因此,我开始编写自己的包含Apache Spark动作的Oozie工作流,尽管我清楚地用Scala 2.11.8和Spark 2.3.0将源代码打包了,但该纱线说。
java.lang.NoSuchMethodError:scala.collection.immutable。$ colon $ colon.hd $ 1()Ljava / lang / Object;
[有一个包含Hortonworks HDP Sandbox的docker容器,该容器在ec2机器上运行,具有16个核心cpu和41个内存。我已经使用命令行更新了Oozie共享库。以下是我的job.properties文件和workflow.xml文件。
job.properties
jobTracker=sandbox-hdp.hortonworks.com:8032
master=yarn-cluster
oozie.action.sharelib.for.spark=spark2
oozie.action.sharelib.for.spark.exclusion=oozie/jackson
# Time and schedule details
start_date=2015-01-01T00:00Z
end_date=2015-06-30T00:00Z
frequency=55 23 L * ?
nameNode=hdfs://sandbox-hdp.hortonworks.com:8020
# Workflow to run
wf_application_path=hdfs://sandbox-hdp.hortonworks.com:8020/user/hue/learn_oozie/ch08/spark_rainfall
# Coordinator to run
oozie.coord.application.path=hdfs://sandbox-hdp.hortonworks.com:8020/user/hue/learn_oozie/ch08/spark_rainfall
# Datasets
data_definitions=hdfs://sandbox-hdp.hortonworks.com:8020/user/hue/learn_oozie/ch08/datasets/datasets.xml
# Controls
timeout=10
concurrency_level=1
execution_order=FIFO
materialization_throttle=1
workflow.xml
<workflow-app name="ch08_spark_max_rainfall" xmlns="uri:oozie:workflow:0.5">
<start to="max_rainfall"/>
<action name="max_rainfall">
<spark xmlns="uri:oozie:spark-action:0.1">
<job-tracker>${jobTracker}</job-tracker>
<name-node>${nameNode}</name-node>
<master>${master}</master>
<name>"Spark Ch08 Max Rain Calculator"</name>
<class>life.jugnu.learnoozie.ch08.MaxRainfall</class>
<jar>hdfs://sandbox-hdp.hortonworks.com:8020/user/hue/learn_oozie/ch08/rainbow/target/scala-2.11/rainbow_2.11-1.0.14.jar</jar>
<spark-opts>
--conf spark.yarn.historyServer.address=http://sandbox-hdp.hortonworks.com:18088
--conf spark.eventLog.dir=hdfs://sandbox-hdp.hortonworks.com:8020/user/spark/applicationHistory
--conf spark.eventLog.enabled=true
</spark-opts>
<arg>${input}</arg>
<arg>${output}</arg>
</spark>
<ok to="End"/>
<error to="Kill"/>
</action>
<kill name="Kill">
<message>Action failed, error message[${wf:errorMessage(wf:lastErrorNode())}]</message>
</kill>
<end name="End"/>
</workflow-app>
我希望此工作流运行不会出现任何问题,并将结果写入远程集群的HDFS中,但是星火行动被杀死,并显示以下错误消息。

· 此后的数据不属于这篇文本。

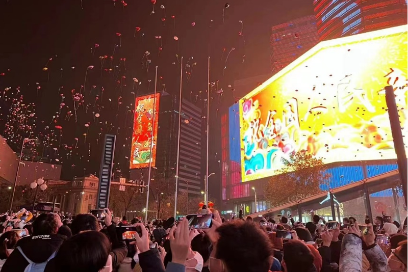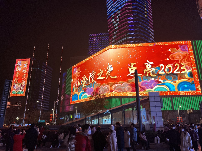 2023年1月1日0点,以金陵巨幕2688屏幕和南京天时大厦屏幕双屏联动的跨年活动,将新街口商圈打造成一座灯光璀璨的跨年舞台,营造一方流光溢彩的城市空间。
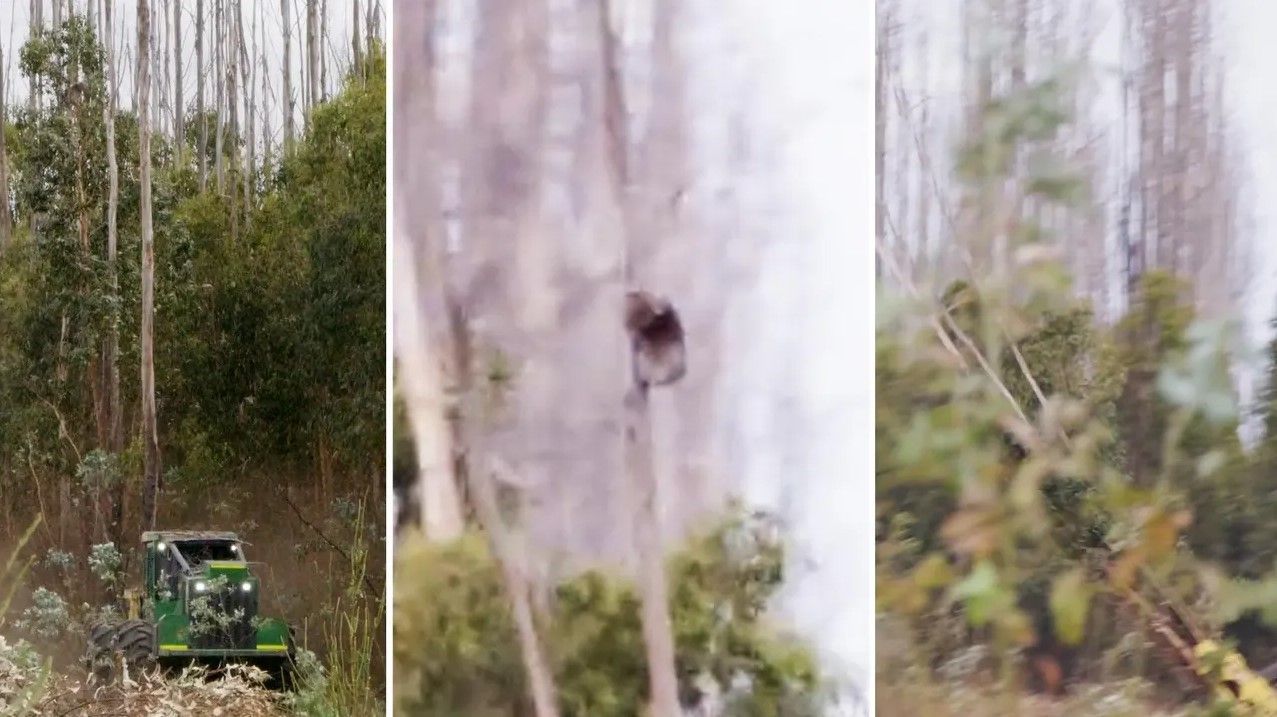 Është e tmerrshme sesi një koalë që tentonte t’i ikte motosharrës, përfundon e përplasur në tokë së bashku me pemën që pritet nga një burrë.

线程“主”中的异常java.lang.NoSuchMethodError:scala.collection.immutable。$ colon $ colon.hd $ 1()Ljava / lang / Object;在org.apache.spark.deploy.yarn.ApplicationMasterArguments.parseArgs(ApplicationMasterArguments.scala:45)在org.apache.spark.deploy.yarn.ApplicationMasterArguments。(ApplicationMasterArguments.scala:34)在org.apache.spark.deploy.yarn.ApplicationMaster $ .main(ApplicationMaster.scala:576)在org.apache.spark.deploy.yarn.ApplicationMaster.main(ApplicationMaster.scala)
我有同样的问题。这是因为我们在集群上使用的是Oozie 4.1.0版本。 Spark操作仅在4.2.0+中可用。